Molecular mechanisms of disease progression: identification of δPKC substrates

The beneficial effects of TAT–δV1-1 in models of ischemia and hypertension have increased interest in understanding the molecular and cellular actions of δPKC in disease progression. A detailed understanding of δPKC signaling pathways will ultimately require identification of δPKC substrates. Traditionally, δPKC substrates have been identified using pharmacological strategies with kinase activators or inhibitors, but lack of specificity of these modulators limits interpretation of these studies. However, recent work by Shokat and colleagues (18) has led to a novel chemical genetics approach to identifying immediate substrates of kinases. The approach targets the structurally conserved ATP-binding pocket within all kinases to generate mutant alleles that can utilize specific ATP analogs in addition to ATP. The mutation creates a “hole” by replacing a conserved bulky amino acid (e.g., valine or methionine) with a small residue (alanine or glycine) in the ATP-binding pocket (Figure 2). A series of ATP analogs (benzyl-ATP) possessing a side group to fit into the engineered hole have been generated. Only the analog-sensitive (as-) mutant, not the wild-type kinase, can efficiently use these ATP analogs as phosphate donors. Therefore, only unique substrates of the as-kinase are labeled by the ATP analogs. A modification of this approach that generates a thiophosphate ester at the phosphorylation site for detection with an antibody has been successfully used to identify direct substrates of as-kinases (18). In our view, an as-δPKC mutant will be an important tool for identifying specific δPKC substrates phosphorylated in response to ischemia and reperfusion, hypertension, and microvascular dysfunction. The δPKC signaling pathways revealed during disease progression should facilitate the development of additional δPKC-based therapeutic strategies.

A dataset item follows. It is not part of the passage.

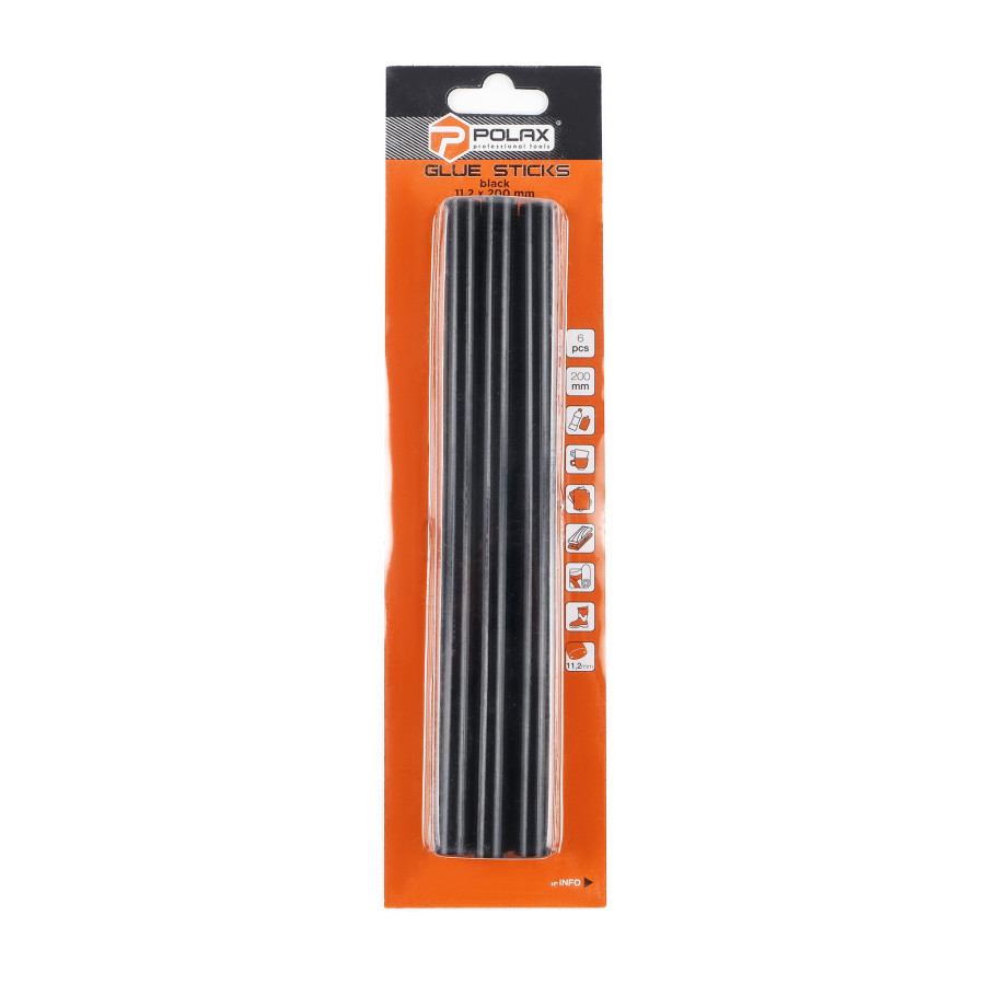 Стрижні клейові Polax чорні 11,2 х 200 мм 6 шт (32-008)

The chemical genetics approach.Figure 2

The chemical genetics approach. An as-kinase with a hole (in blue) recognizes the N6-(benzyl)-ATP-γS (BZ-ATPγS) with a bump and phosphorylates its unique substrates. Only the as-kinase, not wild-type kinases (in brown), can use N6-substituted ATP analogs (BZ-ATPγS) as phosphate donors. In the second step, alkylation with p-nitrobenzylmesylate (PNBM) forms thiophosphate esters and thioethers. Only esterified as-kinase substrates are recognized by specific antibodies discriminating thiophosphate esters from thioethers.


This work was supported by NIH grant AA013588 and funds provided by the state of California for medical research on alcohol and substance abuse through the University of California at San Francisco (to R.O. Messing) and by NIH grant NS057195 and UCSF REAC grant (to W.H. Chou).


Nonstandard abbreviations used: as-, analog sensitive; BBB, blood-brain barrier; RACK, receptor for activated c-kinase; TAT, transactivator of transcription; ZO-1, zonula occludens 1.

Conflict of interest: The authors have declared that no conflict of interest exists.

Citation for this article:J. Clin. Invest.118:17–20 (2008). doi:10.1172/JCI34516.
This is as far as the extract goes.